They differ in that they are transistors.

Therefore, when the level of the input signal IN61 changes to "H", the output control circuit 91 shown in FIG.
Signals a61 to a63 of opposite levels to the signals a51 to a53 in FIG.
Is output to the corresponding transistor.

[0077]

As is clear from the above, the semiconductor memory device according to the first aspect of the present invention, when the level of one input signal is "H" under the control of the control circuit,
The first switching means is turned on to accumulate charges in the first capacitance, and the charges are transferred to the first transistor by turning on the first transistor.
Since the power supply voltage of the power supply is supplied to the output terminal before being applied to the output terminal, the first transistor is turned on and data is output from the output terminal later.
Power consumption can be reduced.

Further, under the control of the above control circuit,
When the level of the other input signal is "H", the second
The switching means and the sixth transistor are sequentially turned on, and the electric charge of the output terminal is extracted from the output terminal before applying the power supply voltage of the second power source to the output terminal by turning on the second transistor. The current consumption of the second power supply can be reduced when the second transistor is turned on and data is output from the output terminal.

Therefore, according to the present invention, power supply noise at the time of outputting data can be reduced.

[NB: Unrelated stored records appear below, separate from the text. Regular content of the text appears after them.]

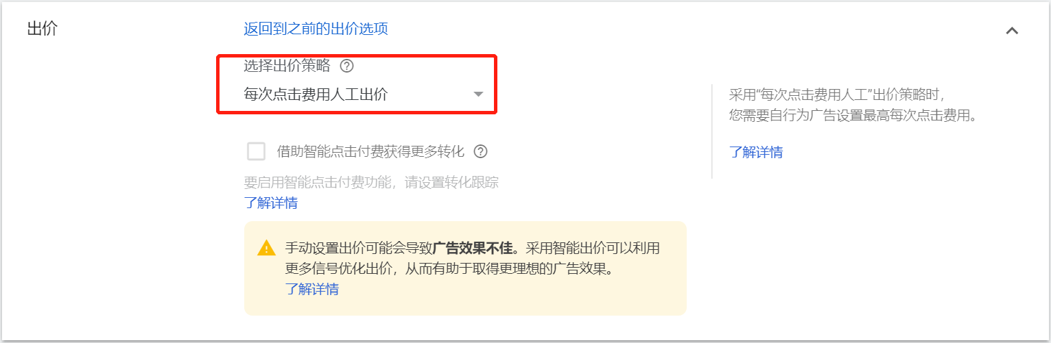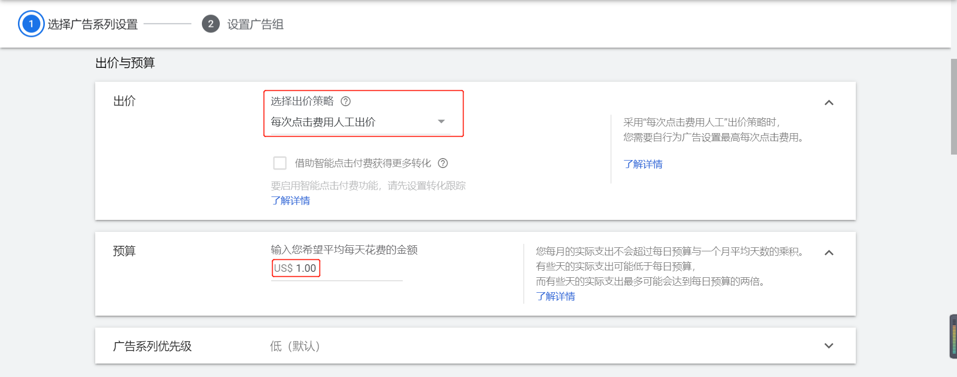 5、设置预算,出价方式选择每次点击费用人工出价,保存并继续。
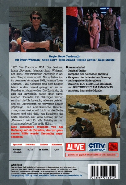1977, San Francisco, USA: der Sektierer James 'Reverend' Johnson (Stuart Whitman) hat 30.000 enthusiastische Anhänger in seinem Tempel versammelt. Alle opferten ihm ihr gesamtes Vermögen. 1978, Johnson Town, Guayana: 1.200 Gläubige sind dem heiligen Mann in den Urwald gefolgt, wo sie ein Paradies errichten wollen. Die Zustände, die sich hier entwickeln, haben einen dämonischen Charakter. Die Gläubigen werden rund um die Uhr bewacht, teilweise gefoltert und bei Ungehorsam mit perversen Strafen gepeinigt. Eine amerikanische Untersuchungskommission will Licht in die ganze Sache bringen und wird dafür von Fanatikern der Sekte liquidiert. Der letzte Ausweg für den 'Reverend', seinem Ende zu entgehen, wird für alle Beteiligten zum erbarmungslosen Trip in die Hölle...
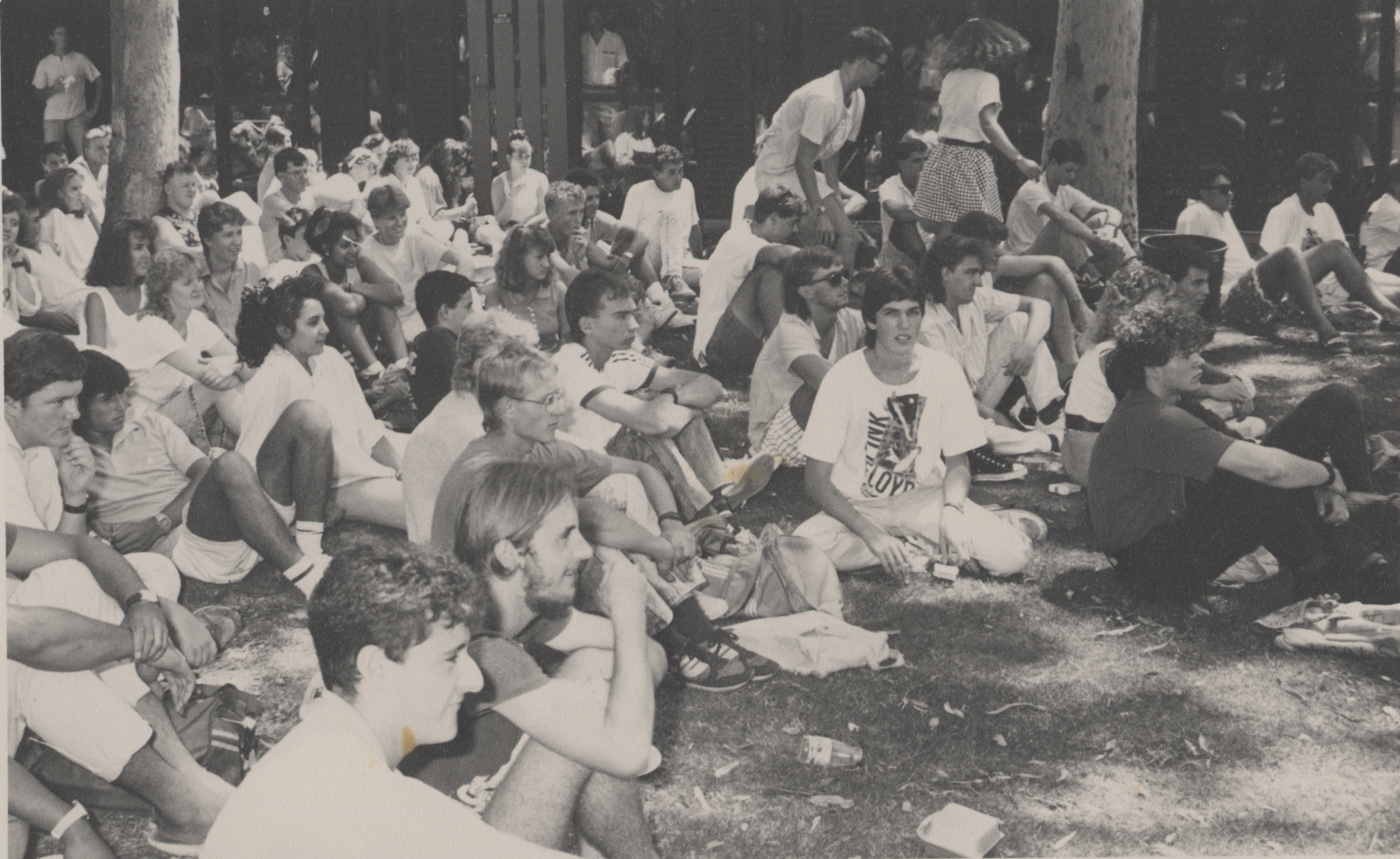 Students sit on the ground in the Shortland Union Courtyard, the University of Newcastle, Australia, [P2988-17]. Living Histories, accessed 20/03/2026, https://livinghistories.newcastle.edu.au/nodes/view/43425
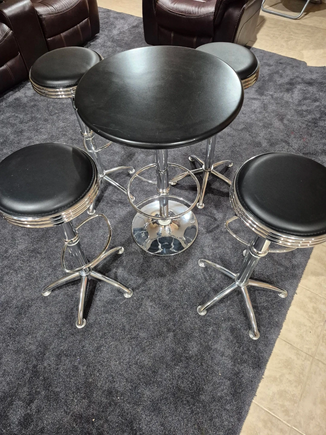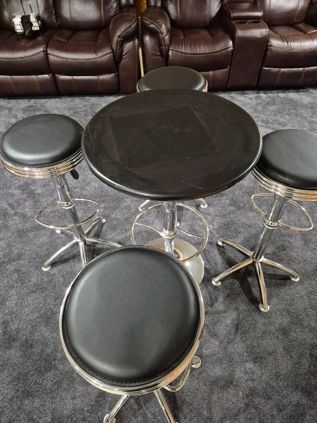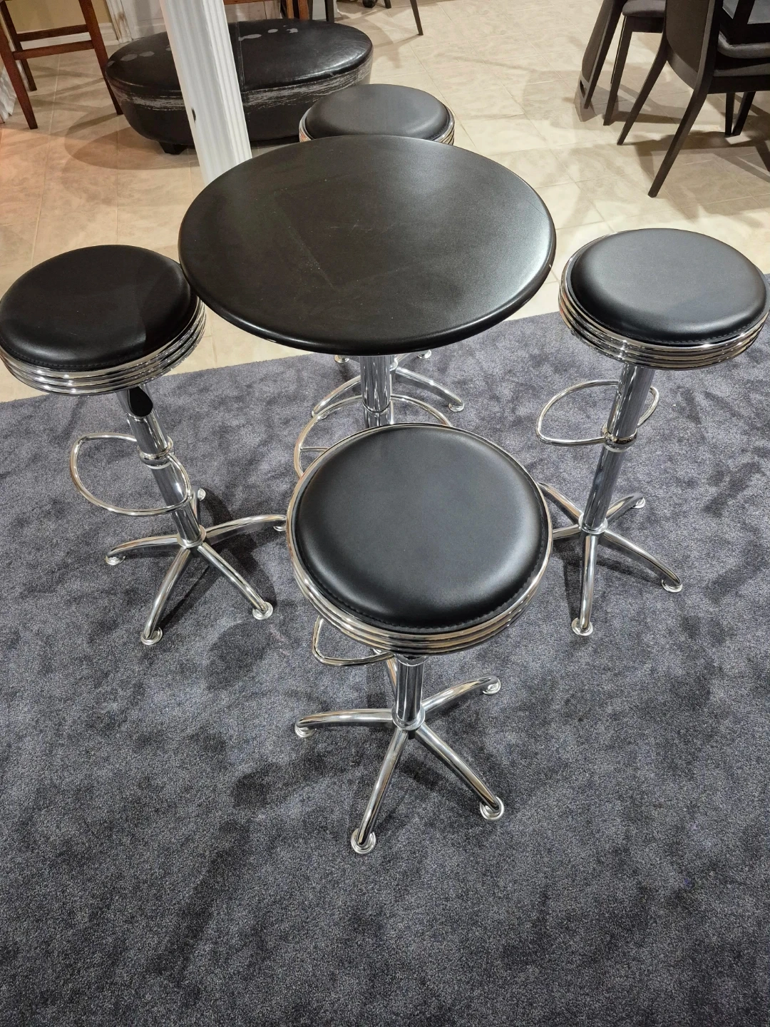 10Selling a retro-style pub table with four matching stools. The set features a black tabletop and seat cushions, complemented by chrome-finished legs and accents. Perfect for adding a touch of vintage diner charm to your kitchen or rec room!
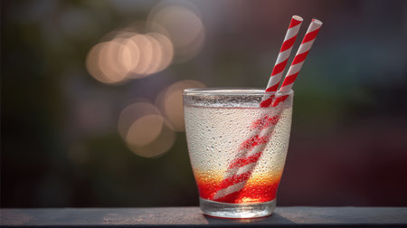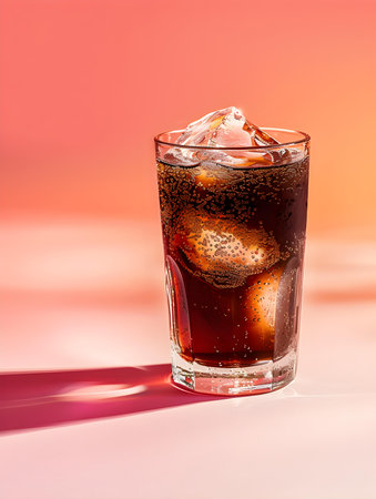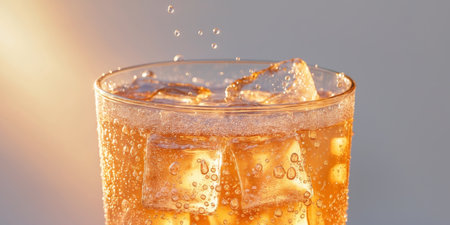 AI Generated. Close up of refreshing iced soda with bubbles and ice cubes in golden sunlight
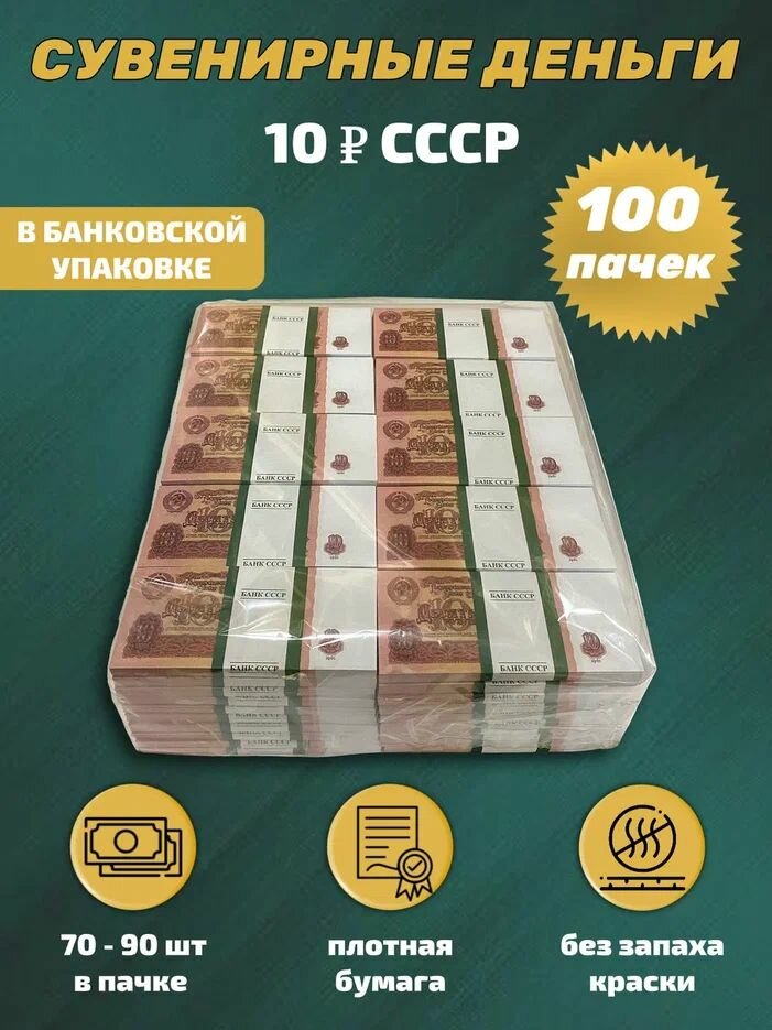 Сувенирные деньги в упаковке номинал СССР 10 рублей , 100 пачек: сравнение цен, характеристики, фото, актуальное наличие и цены.

Further, in the semiconductor memory device according to the second aspect of the present invention, the first transistor, the second transistor, the fifth transistor and the sixth transistor are N-channel type transistors.
An output circuit that reduces current consumption from the power supply or the second power supply can be realized by an N-channel transistor.

In the semiconductor memory device according to the third aspect of the present invention, the first transistor and the fifth transistor are P-channel type transistors, and the second transistor and the sixth transistor are N-channel type transistors. In the output circuit for reducing the current consumption from the first power source or the second power source at the time of outputting the data, the transistor for the data output of the level "H" is realized by the P-channel type transistor, while the data output of the level "L" is output. Can be realized by an N-channel type transistor.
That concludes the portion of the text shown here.